TASK DESCRIPTION: Once you find the line below that contains "カツオのタタキを乗せて、ちょっと豪華バージョンです☆", write it out along with every later line exactly as given, stopping only when the records end. Omit the pictures.

[Collected data]
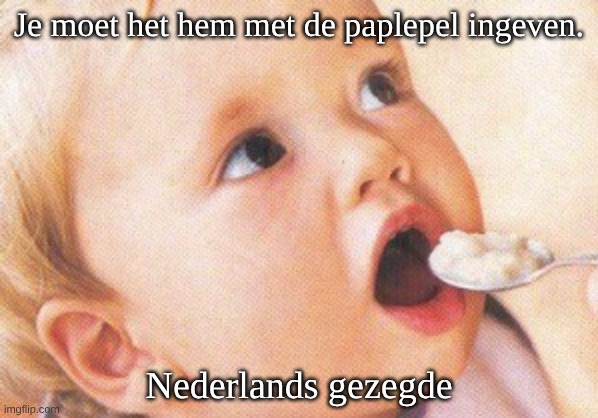 Foto: youtube. Betekenis: Dit gezegde betekent dat als je iets wilt bereiken (zoals het eten van pap), je de juiste middelen of acties moet hebben (zoals een lepel). Het benadrukt het belang van voorbereiding en het nemen van de juiste stappen om je doelen te bereiken. Oorsprong:Culturele context: Dit is een Nederlands spreekwoord dat al lange tijd in gebruik is. Het weerspiegelt de praktische en nuchtere benadering van het leven die in de Nederlandse cultuur te vinden is. Gebruik: Het wordt vaak gebruikt om mensen eraan te herinneren dat ze voorbereid moeten zijn en de juiste middelen moeten hebben om hun doelen te bereiken. Auteur: Dit gezegde is een traditioneel Nederlands spreekwoord en heeft geen specifieke auteur. Het behoort tot de volkswijsheid die door de jaren heen is doorgegeven. Samenvatting: Dit gezegde benadrukt het belang van voorbereiding en het hebben van de juiste middelen om succesvol te zijn in wat je wilt bereiken. Het is een waardevol advies dat in vele levenssituaties toepasbaar is.
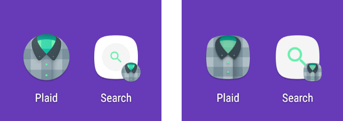 برای پیاده سازی برنامه Plaid، من ابتدا آیکونهای جدیدی را در پیکربندی v26 اضافه کردم که برای adaptive grid و keyline دوباره طراحی شده است. من از این روش راضی نبودم زیرا آنها اساساً نسخههای کوچک آیکونهای v25 بودند. یعنی من الان دو آیکون برای نگه داری داشتم. در نهایت تصمیم گرفتم که آیکون v25 را به یک پیشزمینه(به عنوان مثال آیکون جستجو) و پسزمینه(دایره خاکستری) تبدیل کنم و آنها را با یک LayerDrawable ترکیب کنم.
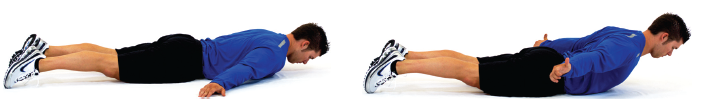 激活臀部肌肉,收下巴,肩胛骨向后收,缓慢向地面降低上半身,再抬起至中立姿势
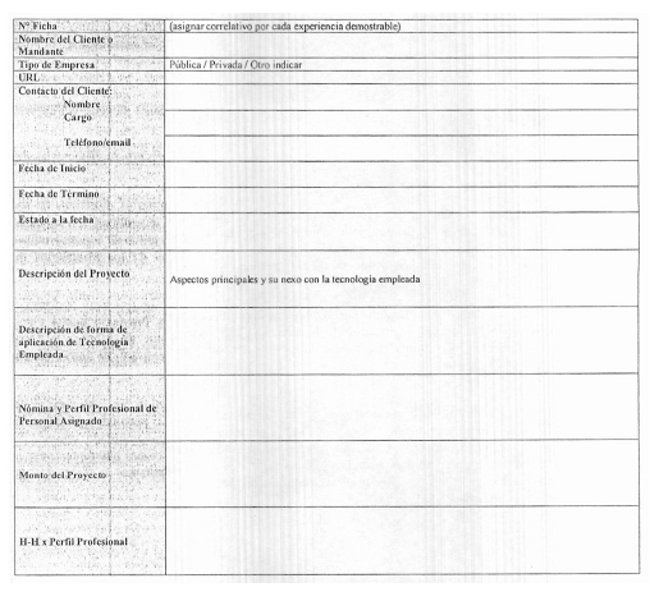 > Ficha experiencia empresa (anexo 4), de la Empresa referido exclusivamente a la ejecución de proyectos de similar envergadura, especificando claramente la fecha y duración de los proyectos abordados, además de datos de contacto para solicitar referencias y/o certificados de referencias, de empresas en las cuales haya o esté prestando sus servicios.
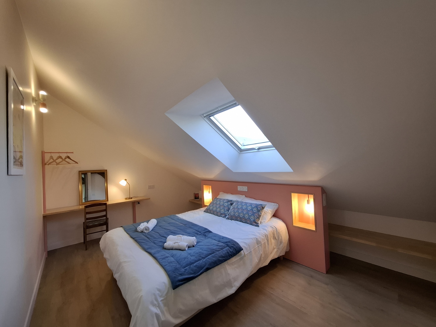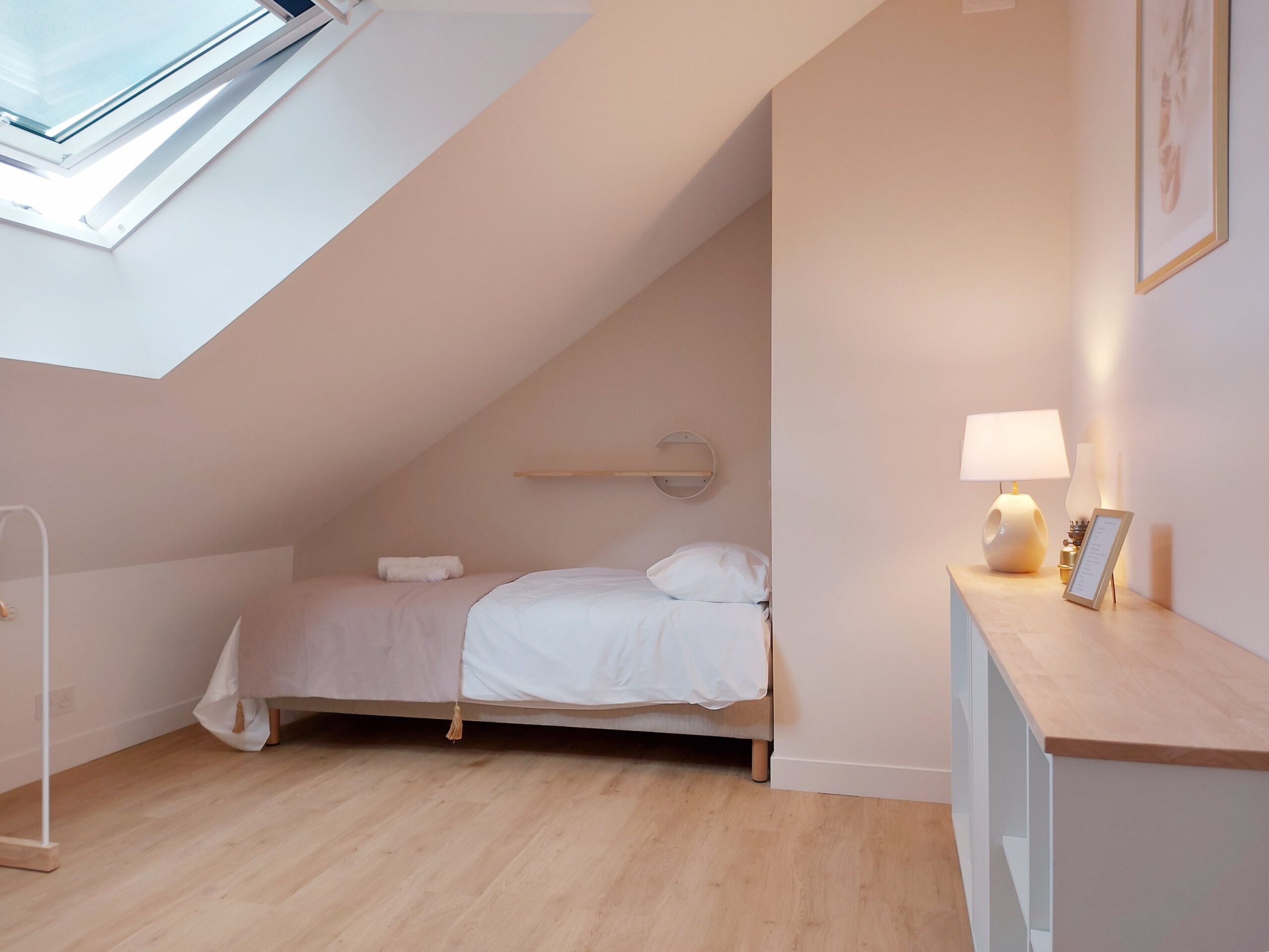 Il dispose d’un mobilier sur-mesure de qualité, d’un espace vestiaire pratique, et offre une vue agréable sur la terrasse et le jardin.
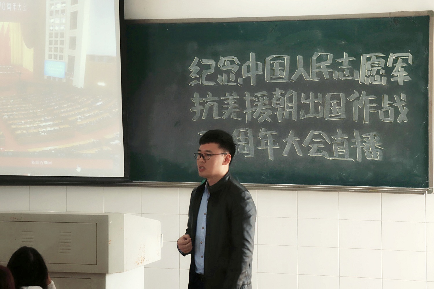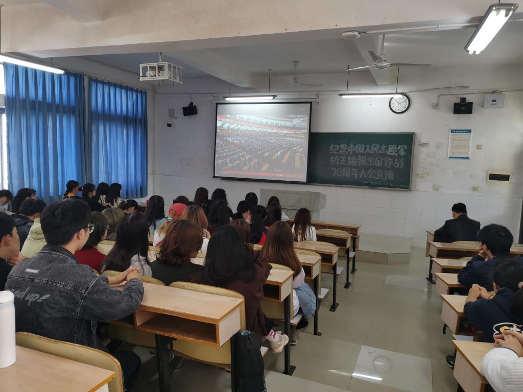 10月23日上午10点,永利官网组织师生代表收看纪念中国人民志愿军抗美援朝出国作战70周年大会,聆听习近平总书记的重要讲话,缅怀为保家卫国牺牲的革命先烈,弘扬爱国主义与国际正义。
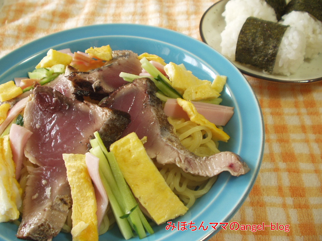 カツオのタタキを乗せて、ちょっと豪華バージョンです☆
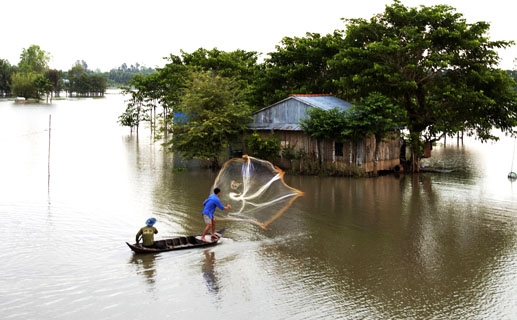 洪水季期间,到处都能看到人们放网排钓。因为,洪水也带来了多种物产,带来了一个谋生的季节。最受人们期待的物产是单吻鱼和田菁花。随洪水而来的单吻鱼多集中在红御、同塔等地。
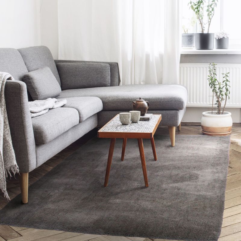 Un grand tapis au coloris taupe tendance, à la fibre fine, extra douce et lumineuse qui embellira votre salon ou votre chambre.
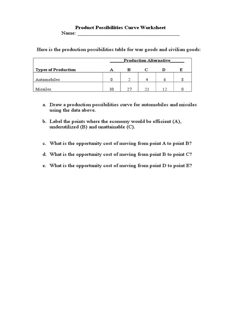 Product Possibilities Curve Worksheet
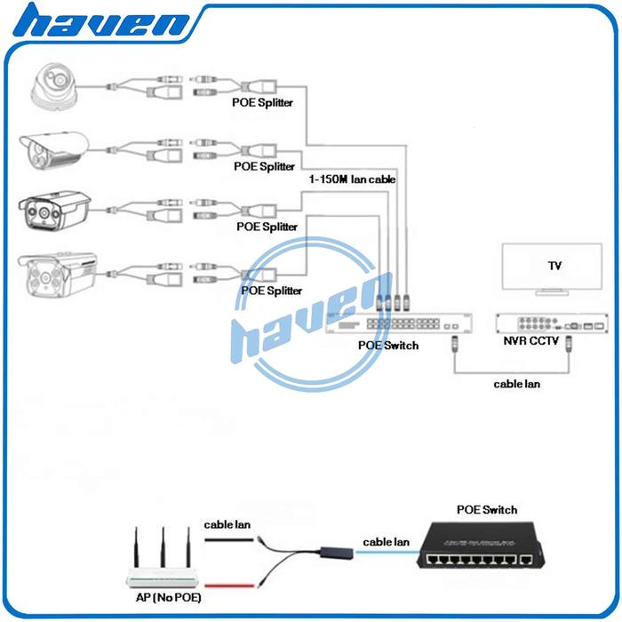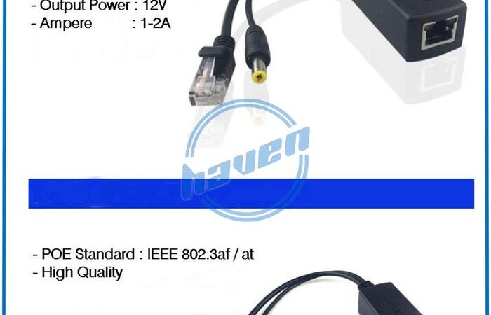 - Poe Splitter: Perangkat yang memisahkan daya dari data pada kabel Ethernet. Daya yang biasanya bertegangan tinggi (44-57V) diubah menjadi tegangan yang lebih rendah (seperti 5V, 12V) yang sesuai untuk perangkat yang tidak memiliki fitur Poe built-in.
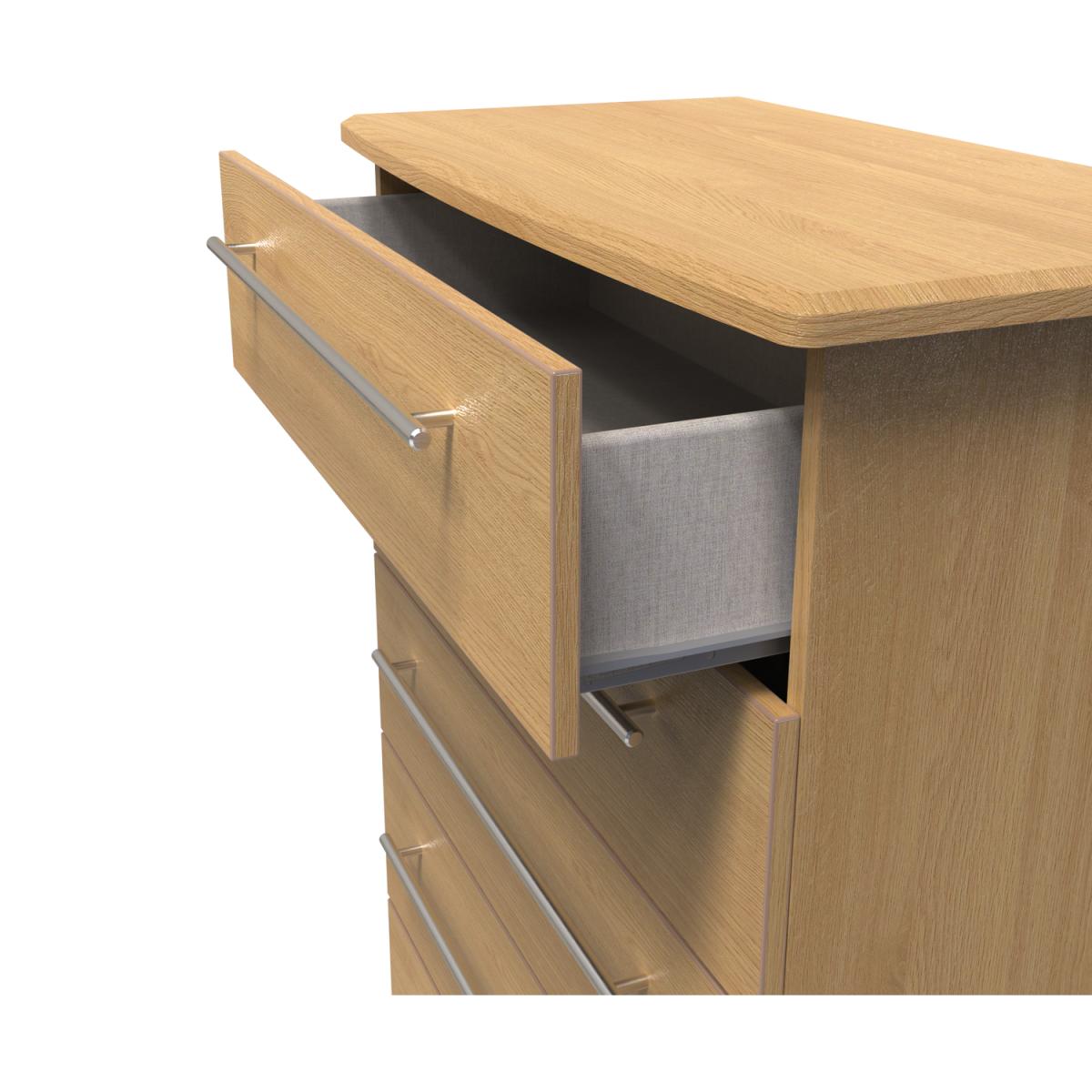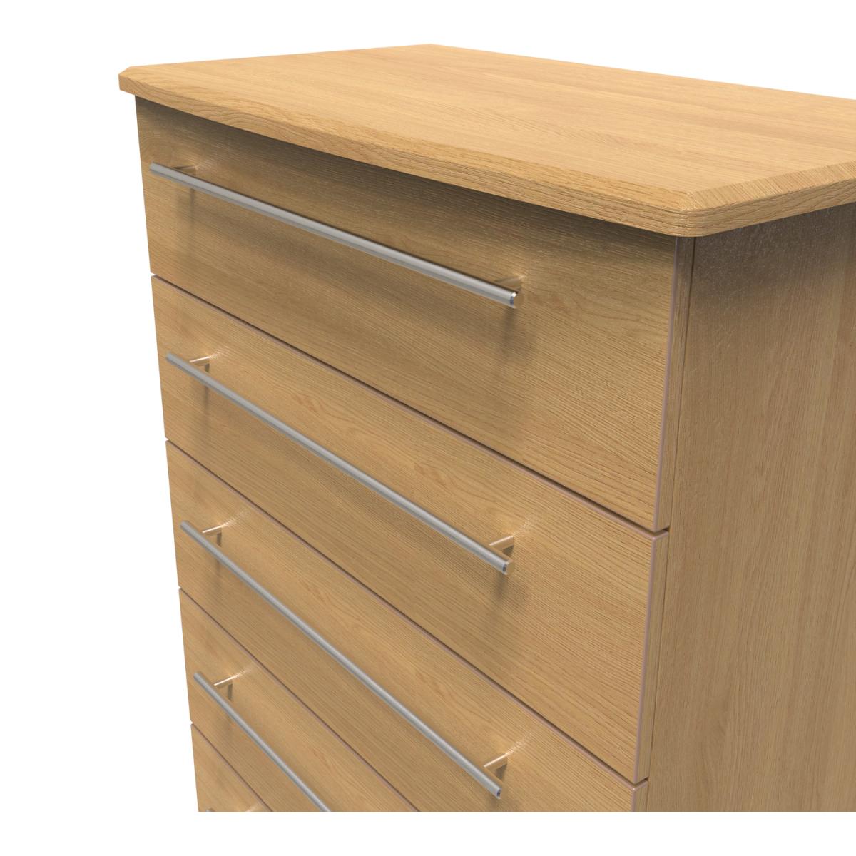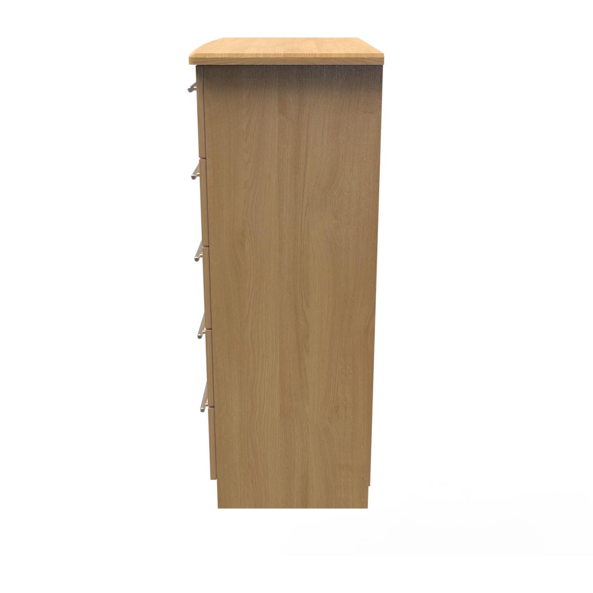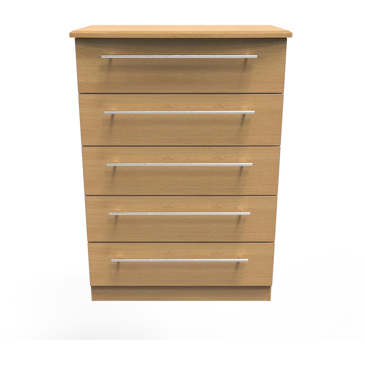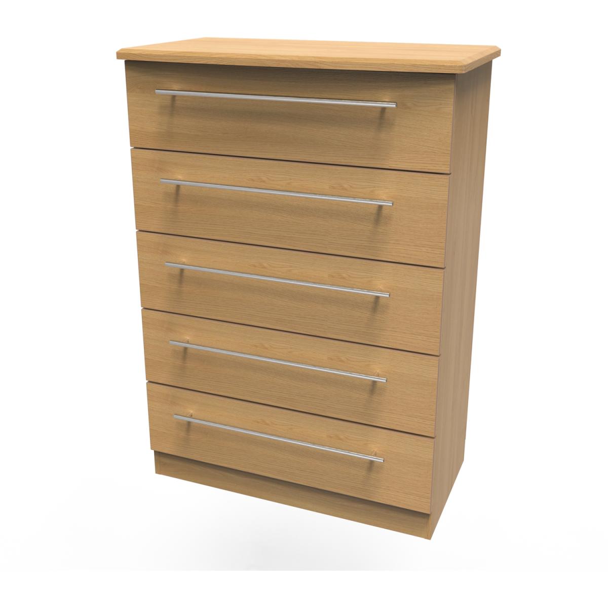 This wide 5 drawer chest of drawers is practical and stylish. Perfect for any home as a free standing storage unit. The elegant, stylish Sherwood range is available in a range of durable scratch resistant natural wood or matt finishes. With metal T-Bar handles on all doors and drawers. All drawers come with long lasting metal drawer runners and a linen effect interior. All our furniture is made in the United Kingdom, to the highest quality. It is delivered direct to your location of choice by one of our two man delivery teams, and come full assembled (although legs may be removed to prevent damage in transit).

ANSWER AREA:
 カツオのタタキを乗せて、ちょっと豪華バージョンです☆
 洪水季期间,到处都能看到人们放网排钓。因为,洪水也带来了多种物产,带来了一个谋生的季节。最受人们期待的物产是单吻鱼和田菁花。随洪水而来的单吻鱼多集中在红御、同塔等地。
 Un grand tapis au coloris taupe tendance, à la fibre fine, extra douce et lumineuse qui embellira votre salon ou votre chambre.
 Product Possibilities Curve Worksheet
 - Poe Splitter: Perangkat yang memisahkan daya dari data pada kabel Ethernet. Daya yang biasanya bertegangan tinggi (44-57V) diubah menjadi tegangan yang lebih rendah (seperti 5V, 12V) yang sesuai untuk perangkat yang tidak memiliki fitur Poe built-in.
 This wide 5 drawer chest of drawers is practical and stylish. Perfect for any home as a free standing storage unit. The elegant, stylish Sherwood range is available in a range of durable scratch resistant natural wood or matt finishes. With metal T-Bar handles on all doors and drawers. All drawers come with long lasting metal drawer runners and a linen effect interior. All our furniture is made in the United Kingdom, to the highest quality. It is delivered direct to your location of choice by one of our two man delivery teams, and come full assembled (although legs may be removed to prevent damage in transit).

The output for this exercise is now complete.